Eugene Ionesco was a Romanian-French playwright who wrote mostly in French, and one of the foremost figures of the French Avant-garde theatre.
As a child, Eugene moved to Paris with his Romanian parents so his father could study for a doctorate degree in law. However, shortly after this, Romania entered war with Germany and Austria-Hungary, and his father was called back home for military service. Eugene and his family remained in Paris until Eugene was a young man. He returned to Romanic in 1928 to study in Bucharest and met his future wife, Rodica Burileanu. They married after Eugene completed his studies, and he began teaching French while writing poetry, novels, and literary critiques. He returned to Paris to complete his doctorate on modern poetry and became a French citizen in 1950.

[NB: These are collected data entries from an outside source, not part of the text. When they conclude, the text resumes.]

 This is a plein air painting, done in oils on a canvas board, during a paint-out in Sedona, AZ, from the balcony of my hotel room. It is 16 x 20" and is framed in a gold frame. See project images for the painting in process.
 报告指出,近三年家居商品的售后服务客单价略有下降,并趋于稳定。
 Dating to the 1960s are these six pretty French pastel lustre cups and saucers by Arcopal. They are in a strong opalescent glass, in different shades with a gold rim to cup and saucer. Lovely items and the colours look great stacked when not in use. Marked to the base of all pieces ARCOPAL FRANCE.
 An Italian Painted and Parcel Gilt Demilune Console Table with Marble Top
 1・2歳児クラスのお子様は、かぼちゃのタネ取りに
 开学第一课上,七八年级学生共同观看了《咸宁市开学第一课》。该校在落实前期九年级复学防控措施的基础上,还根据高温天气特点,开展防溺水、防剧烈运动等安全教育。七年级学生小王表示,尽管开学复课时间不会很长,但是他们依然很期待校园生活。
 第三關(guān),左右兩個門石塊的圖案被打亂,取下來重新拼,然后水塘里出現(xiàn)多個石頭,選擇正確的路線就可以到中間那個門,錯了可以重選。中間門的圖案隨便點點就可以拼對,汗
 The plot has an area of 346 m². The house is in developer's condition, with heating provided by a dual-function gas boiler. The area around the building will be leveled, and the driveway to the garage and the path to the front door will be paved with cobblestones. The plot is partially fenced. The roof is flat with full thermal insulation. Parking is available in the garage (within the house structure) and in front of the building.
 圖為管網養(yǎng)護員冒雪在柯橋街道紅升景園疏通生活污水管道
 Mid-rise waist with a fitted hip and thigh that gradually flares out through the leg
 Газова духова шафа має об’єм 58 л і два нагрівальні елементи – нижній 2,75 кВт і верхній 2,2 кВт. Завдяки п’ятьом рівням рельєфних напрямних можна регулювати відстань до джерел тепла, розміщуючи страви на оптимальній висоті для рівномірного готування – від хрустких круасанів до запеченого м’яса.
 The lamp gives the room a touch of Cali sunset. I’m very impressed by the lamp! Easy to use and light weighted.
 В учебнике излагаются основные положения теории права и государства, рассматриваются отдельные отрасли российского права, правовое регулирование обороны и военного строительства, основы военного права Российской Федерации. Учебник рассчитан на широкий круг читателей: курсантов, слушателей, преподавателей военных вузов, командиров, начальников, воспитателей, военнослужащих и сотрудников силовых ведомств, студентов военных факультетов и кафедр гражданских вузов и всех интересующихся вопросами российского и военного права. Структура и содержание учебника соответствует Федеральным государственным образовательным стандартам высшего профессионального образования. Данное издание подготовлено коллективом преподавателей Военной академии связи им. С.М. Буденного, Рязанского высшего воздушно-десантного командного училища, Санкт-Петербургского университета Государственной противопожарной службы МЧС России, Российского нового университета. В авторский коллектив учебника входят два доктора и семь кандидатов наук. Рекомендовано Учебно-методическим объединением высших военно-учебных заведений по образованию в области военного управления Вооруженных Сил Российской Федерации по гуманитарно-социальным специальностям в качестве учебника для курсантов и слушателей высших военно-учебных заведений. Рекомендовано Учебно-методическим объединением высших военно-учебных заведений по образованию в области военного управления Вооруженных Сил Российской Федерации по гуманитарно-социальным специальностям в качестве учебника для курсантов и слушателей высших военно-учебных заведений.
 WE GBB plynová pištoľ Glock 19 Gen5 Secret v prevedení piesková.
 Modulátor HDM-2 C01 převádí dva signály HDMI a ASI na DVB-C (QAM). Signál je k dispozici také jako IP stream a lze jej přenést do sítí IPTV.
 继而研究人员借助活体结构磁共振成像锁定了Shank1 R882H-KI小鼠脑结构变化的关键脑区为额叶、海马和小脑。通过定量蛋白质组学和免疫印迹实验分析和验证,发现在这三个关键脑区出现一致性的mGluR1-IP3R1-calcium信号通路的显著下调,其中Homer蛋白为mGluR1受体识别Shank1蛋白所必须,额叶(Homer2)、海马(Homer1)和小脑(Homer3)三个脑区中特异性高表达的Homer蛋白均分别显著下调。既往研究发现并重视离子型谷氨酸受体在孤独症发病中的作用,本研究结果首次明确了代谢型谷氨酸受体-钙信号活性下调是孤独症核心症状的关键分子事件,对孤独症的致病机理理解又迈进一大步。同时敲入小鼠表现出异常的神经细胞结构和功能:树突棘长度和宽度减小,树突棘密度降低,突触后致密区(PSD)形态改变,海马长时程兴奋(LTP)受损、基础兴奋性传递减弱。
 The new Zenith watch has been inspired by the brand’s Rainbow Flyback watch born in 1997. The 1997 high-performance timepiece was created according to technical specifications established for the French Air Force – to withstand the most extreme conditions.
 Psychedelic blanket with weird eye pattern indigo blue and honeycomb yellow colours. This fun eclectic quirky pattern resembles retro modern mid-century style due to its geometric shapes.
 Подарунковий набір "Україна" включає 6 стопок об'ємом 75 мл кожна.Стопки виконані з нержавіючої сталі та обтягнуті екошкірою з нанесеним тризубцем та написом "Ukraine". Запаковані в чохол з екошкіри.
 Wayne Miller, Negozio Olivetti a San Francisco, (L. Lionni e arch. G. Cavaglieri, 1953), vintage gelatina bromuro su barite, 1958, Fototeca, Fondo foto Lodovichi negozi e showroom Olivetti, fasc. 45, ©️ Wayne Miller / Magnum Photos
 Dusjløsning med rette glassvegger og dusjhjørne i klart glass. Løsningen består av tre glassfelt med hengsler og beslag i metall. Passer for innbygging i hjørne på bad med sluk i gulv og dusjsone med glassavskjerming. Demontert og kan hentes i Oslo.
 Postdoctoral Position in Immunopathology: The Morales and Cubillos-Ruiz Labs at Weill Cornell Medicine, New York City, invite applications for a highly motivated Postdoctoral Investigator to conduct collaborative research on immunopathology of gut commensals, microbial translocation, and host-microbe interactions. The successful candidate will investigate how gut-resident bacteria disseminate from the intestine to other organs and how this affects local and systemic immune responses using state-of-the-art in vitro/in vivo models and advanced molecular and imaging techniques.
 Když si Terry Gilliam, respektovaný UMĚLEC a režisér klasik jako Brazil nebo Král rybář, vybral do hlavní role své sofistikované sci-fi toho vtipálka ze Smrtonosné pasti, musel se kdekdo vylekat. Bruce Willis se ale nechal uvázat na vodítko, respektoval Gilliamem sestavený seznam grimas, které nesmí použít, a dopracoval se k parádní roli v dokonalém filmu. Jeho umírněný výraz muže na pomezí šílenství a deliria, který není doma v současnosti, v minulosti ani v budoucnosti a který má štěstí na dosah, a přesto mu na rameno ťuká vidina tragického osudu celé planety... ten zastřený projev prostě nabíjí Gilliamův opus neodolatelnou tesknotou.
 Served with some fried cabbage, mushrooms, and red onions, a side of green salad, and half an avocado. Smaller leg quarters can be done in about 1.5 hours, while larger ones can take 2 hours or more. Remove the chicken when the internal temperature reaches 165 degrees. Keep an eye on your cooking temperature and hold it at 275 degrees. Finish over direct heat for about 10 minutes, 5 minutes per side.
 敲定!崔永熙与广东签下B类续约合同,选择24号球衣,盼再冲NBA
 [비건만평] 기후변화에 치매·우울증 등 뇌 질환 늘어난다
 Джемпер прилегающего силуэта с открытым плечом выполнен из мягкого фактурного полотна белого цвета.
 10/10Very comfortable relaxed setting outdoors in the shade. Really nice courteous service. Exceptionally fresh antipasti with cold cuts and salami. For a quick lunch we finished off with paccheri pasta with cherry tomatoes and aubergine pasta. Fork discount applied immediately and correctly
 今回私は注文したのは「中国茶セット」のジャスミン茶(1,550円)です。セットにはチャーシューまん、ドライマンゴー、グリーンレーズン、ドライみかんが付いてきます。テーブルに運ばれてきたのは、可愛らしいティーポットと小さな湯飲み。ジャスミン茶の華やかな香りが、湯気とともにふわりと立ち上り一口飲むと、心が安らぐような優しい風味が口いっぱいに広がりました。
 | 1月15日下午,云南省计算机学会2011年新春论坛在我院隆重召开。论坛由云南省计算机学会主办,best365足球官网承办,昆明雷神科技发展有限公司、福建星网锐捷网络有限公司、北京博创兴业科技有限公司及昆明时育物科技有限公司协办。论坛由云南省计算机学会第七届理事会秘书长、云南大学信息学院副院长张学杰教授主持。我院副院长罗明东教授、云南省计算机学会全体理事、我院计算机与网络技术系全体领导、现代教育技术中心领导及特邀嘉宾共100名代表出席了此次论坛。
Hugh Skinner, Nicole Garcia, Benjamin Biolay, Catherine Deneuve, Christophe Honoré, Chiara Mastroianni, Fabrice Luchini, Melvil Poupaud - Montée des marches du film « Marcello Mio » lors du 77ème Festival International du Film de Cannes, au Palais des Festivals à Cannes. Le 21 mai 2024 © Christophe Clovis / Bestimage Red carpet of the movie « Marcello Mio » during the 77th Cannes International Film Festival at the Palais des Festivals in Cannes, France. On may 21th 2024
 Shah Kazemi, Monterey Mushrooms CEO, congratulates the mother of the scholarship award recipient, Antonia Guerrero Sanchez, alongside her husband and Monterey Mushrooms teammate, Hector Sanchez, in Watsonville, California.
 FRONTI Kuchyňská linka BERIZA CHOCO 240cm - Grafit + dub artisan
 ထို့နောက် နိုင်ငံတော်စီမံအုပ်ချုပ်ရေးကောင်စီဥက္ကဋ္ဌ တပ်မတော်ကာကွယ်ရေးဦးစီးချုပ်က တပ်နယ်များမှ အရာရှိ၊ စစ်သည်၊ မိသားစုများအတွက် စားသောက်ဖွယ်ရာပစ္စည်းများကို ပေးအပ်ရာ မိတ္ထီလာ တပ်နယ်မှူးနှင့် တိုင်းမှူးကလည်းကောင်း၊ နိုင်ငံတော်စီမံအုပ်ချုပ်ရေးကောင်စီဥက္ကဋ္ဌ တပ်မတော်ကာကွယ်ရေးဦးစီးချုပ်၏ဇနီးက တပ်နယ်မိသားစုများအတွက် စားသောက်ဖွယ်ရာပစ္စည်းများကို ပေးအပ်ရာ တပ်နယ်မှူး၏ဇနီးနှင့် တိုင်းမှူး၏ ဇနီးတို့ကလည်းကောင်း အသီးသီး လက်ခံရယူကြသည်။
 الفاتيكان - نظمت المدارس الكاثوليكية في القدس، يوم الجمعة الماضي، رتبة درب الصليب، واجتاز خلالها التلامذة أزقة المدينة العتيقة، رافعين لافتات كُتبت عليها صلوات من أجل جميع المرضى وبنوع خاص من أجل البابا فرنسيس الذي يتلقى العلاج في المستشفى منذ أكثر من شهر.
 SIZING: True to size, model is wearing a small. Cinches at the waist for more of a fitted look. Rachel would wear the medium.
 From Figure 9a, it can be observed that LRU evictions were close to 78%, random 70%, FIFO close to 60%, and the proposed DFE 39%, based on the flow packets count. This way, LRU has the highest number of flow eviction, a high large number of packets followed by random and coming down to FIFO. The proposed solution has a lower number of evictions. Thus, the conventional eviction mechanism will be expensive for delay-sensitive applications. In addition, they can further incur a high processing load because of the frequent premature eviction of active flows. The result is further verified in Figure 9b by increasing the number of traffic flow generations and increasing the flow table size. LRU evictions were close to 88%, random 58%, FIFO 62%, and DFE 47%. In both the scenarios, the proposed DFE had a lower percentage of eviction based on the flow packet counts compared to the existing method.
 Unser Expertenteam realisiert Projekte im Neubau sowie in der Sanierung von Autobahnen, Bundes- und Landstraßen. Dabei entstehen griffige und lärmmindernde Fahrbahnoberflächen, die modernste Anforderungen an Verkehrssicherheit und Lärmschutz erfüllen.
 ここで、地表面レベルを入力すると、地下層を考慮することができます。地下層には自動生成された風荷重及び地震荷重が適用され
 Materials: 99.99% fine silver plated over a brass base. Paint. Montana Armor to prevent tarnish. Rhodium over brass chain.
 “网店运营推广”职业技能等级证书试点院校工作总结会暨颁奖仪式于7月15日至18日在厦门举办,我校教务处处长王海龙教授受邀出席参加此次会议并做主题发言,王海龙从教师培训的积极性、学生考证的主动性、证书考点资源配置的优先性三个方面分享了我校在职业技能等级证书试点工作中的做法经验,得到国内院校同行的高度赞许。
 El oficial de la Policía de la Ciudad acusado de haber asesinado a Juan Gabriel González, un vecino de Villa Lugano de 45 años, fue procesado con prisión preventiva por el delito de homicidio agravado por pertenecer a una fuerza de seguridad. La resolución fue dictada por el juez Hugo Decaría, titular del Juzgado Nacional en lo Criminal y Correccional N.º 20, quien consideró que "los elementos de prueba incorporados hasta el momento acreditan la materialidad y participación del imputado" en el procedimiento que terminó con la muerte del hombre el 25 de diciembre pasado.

Eugene did not write his first play until 1948. Having decided to learn English, he was struck by the emptiness of the cliches of daily conversation that appeared in his phrase book. Out of such nonsensical sentences he constructed his first play, The Bald Soprano (1948), which satirizes the deadliness and idiocy of the daily life of a bourgeois society frozen in meaningless formalities. Greatly surprised by the success of the play, Ionesco embarked on a career as a writer of what he called antiplays, which characteristically combine a dream or nightmare atmosphere with grotesque, bizarre, and whimsical humor. He followed The Bald Soprano with other one-act plays in which illogical events create an atmosphere both comic and grotesque, including The Lesson (1950), Rhinoceros (1959), and Exit the King (1962).